EXERCISE AIM> Return nothing but the lines from the one with "企诺 办公文件柜档案柜矮柜分双节下节柜 QNGa16A1-05PA" through the one with "Na parede da" in the data below, word for word and without pictures.

DATASET EXCERPTS>

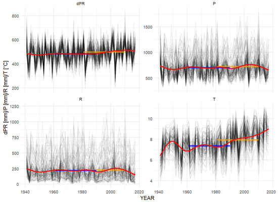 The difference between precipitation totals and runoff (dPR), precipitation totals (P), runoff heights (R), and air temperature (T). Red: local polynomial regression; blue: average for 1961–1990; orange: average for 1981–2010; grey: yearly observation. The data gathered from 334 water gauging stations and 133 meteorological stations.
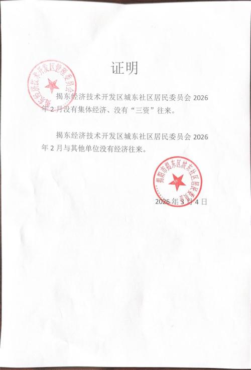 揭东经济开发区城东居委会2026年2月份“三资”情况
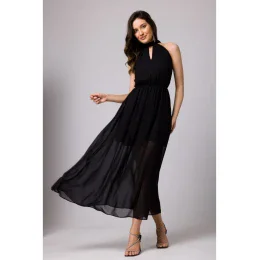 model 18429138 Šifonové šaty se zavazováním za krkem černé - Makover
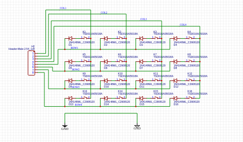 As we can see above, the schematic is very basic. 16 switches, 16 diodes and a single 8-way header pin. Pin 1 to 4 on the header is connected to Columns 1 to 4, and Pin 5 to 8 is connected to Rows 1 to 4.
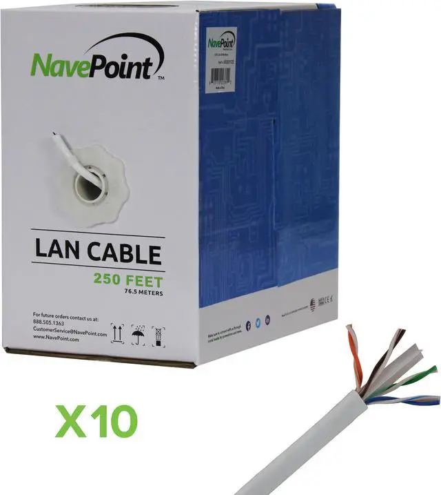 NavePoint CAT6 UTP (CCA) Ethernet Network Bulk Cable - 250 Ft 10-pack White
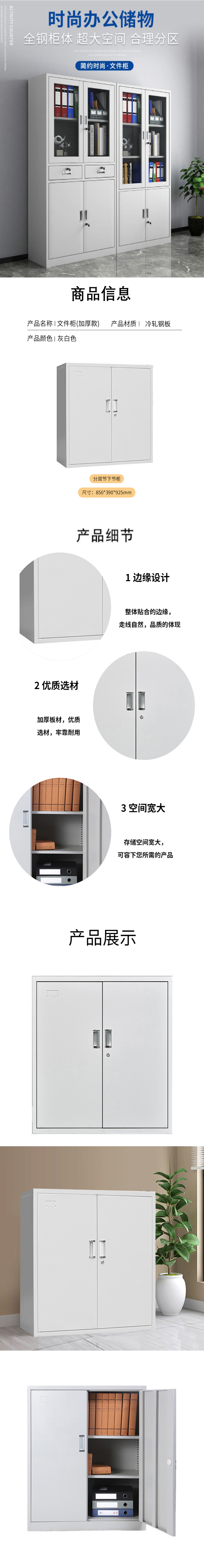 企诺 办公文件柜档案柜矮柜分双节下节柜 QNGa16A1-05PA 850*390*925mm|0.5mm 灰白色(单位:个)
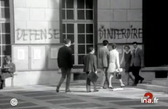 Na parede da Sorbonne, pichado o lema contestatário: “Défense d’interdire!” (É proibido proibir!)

...

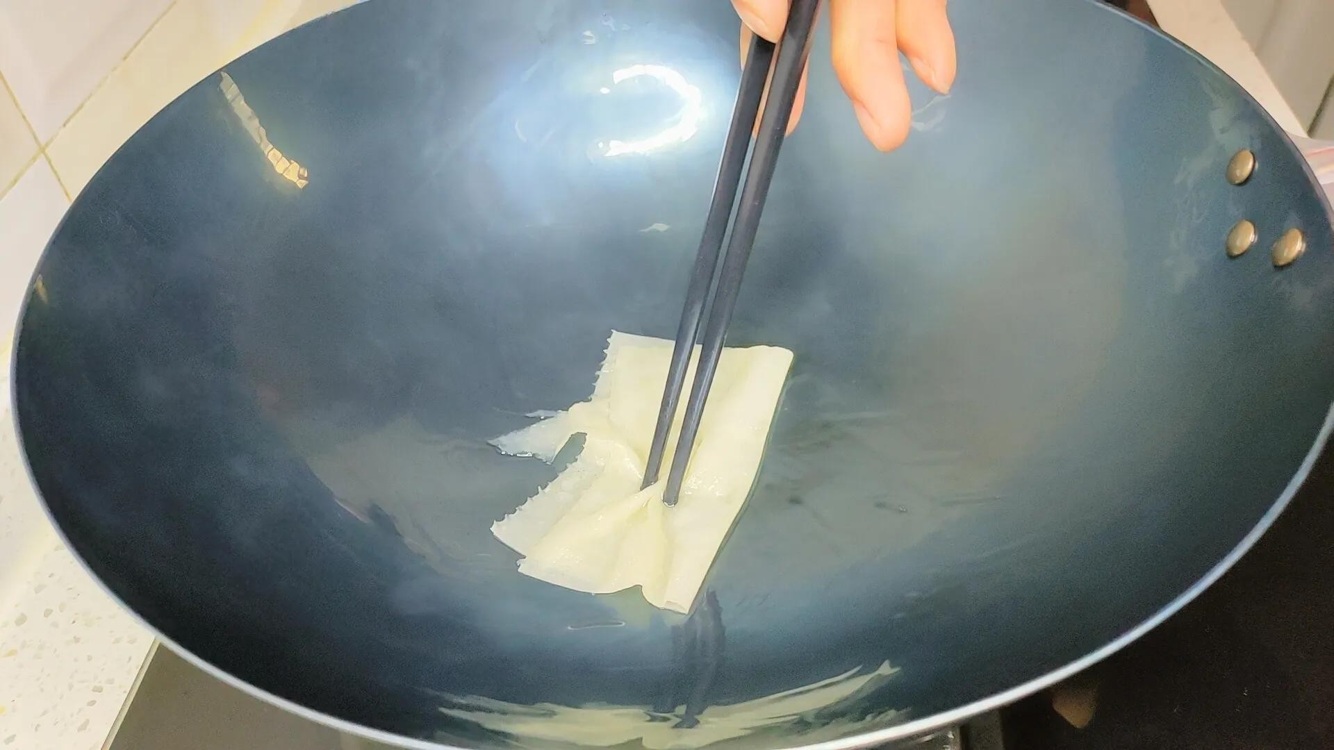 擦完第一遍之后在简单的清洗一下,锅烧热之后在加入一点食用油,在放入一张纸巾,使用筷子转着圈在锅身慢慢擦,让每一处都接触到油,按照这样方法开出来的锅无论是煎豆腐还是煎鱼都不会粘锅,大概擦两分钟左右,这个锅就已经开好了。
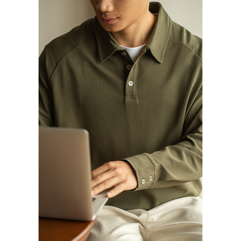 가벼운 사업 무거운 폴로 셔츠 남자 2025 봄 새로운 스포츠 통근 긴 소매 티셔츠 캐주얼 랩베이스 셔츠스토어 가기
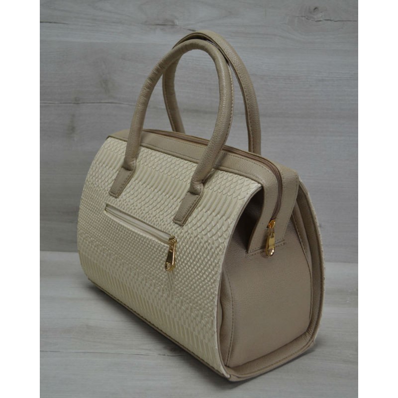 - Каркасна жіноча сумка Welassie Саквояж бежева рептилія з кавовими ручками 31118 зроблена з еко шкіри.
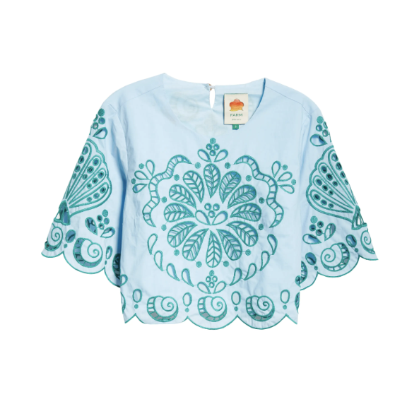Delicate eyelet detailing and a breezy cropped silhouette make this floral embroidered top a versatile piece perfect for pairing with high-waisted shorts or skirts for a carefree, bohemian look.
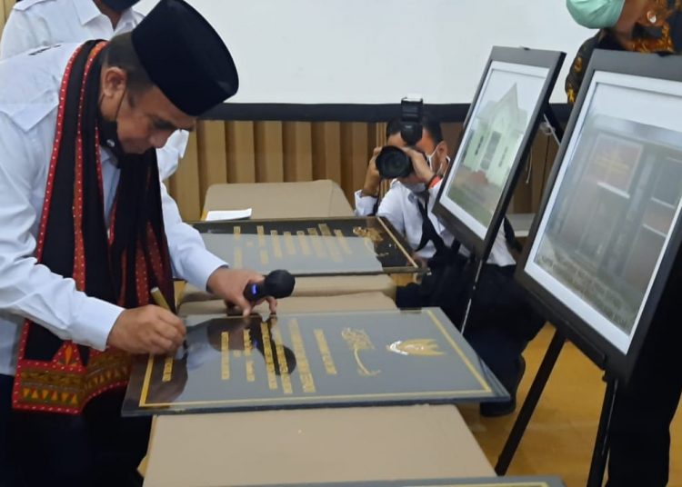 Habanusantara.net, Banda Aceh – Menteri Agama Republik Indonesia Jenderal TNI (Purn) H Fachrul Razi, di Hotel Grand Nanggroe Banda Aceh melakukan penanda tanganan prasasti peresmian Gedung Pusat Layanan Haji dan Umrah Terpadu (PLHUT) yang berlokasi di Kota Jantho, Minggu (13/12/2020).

==

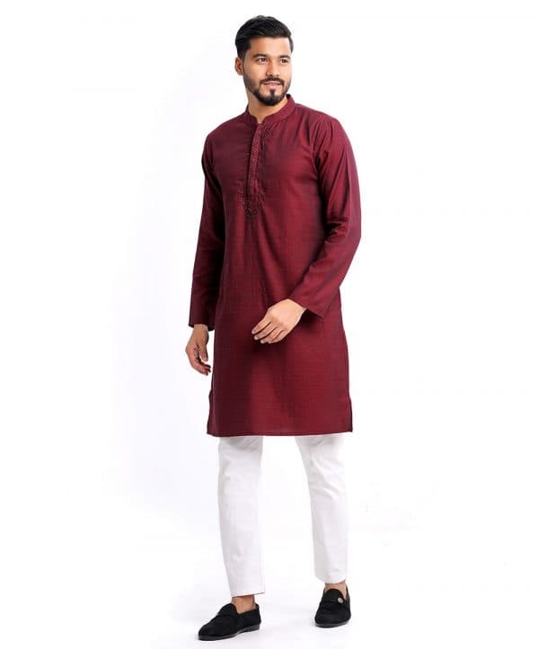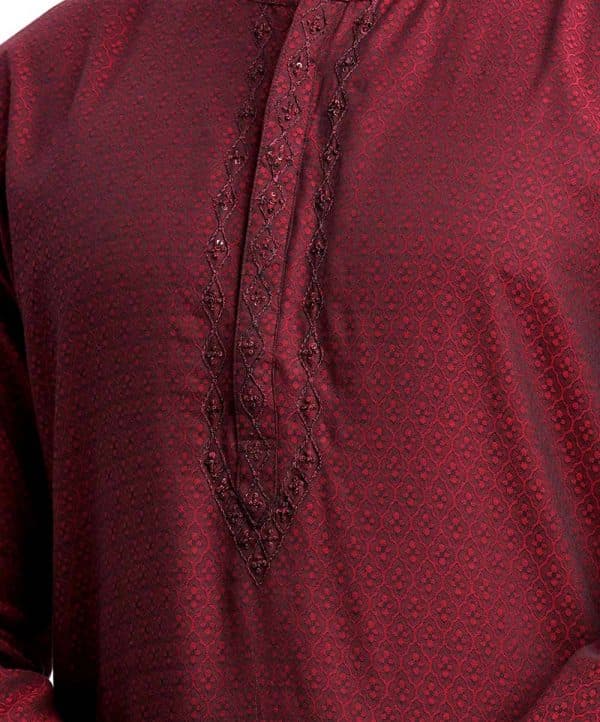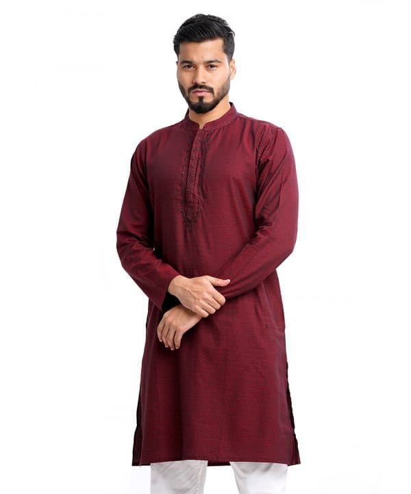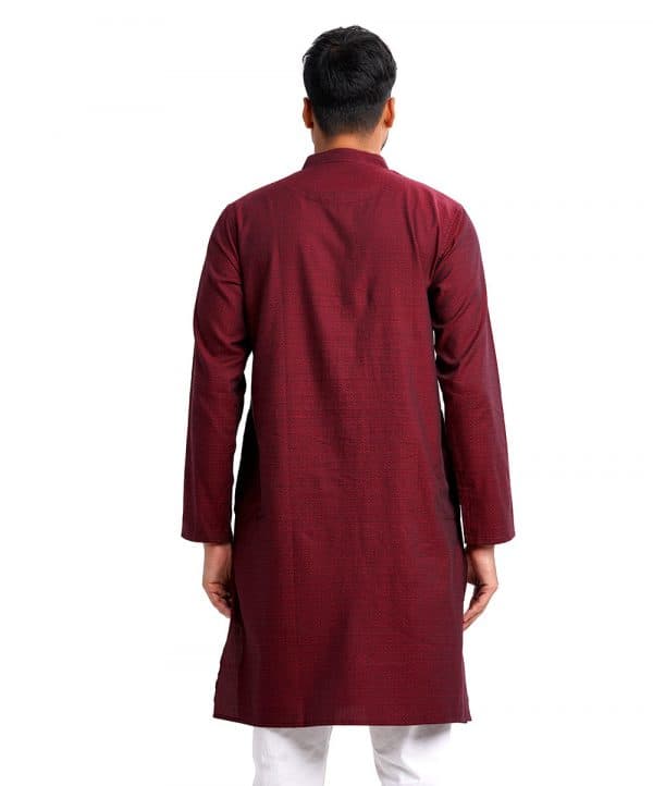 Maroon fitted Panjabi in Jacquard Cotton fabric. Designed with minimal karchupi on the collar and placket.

SOLUTION TO THE EXERCISE>
 企诺 办公文件柜档案柜矮柜分双节下节柜 QNGa16A1-05PA 850*390*925mm|0.5mm 灰白色(单位:个)
 Na parede da Sorbonne, pichado o lema contestatário: “Défense d’interdire!” (É proibido proibir!)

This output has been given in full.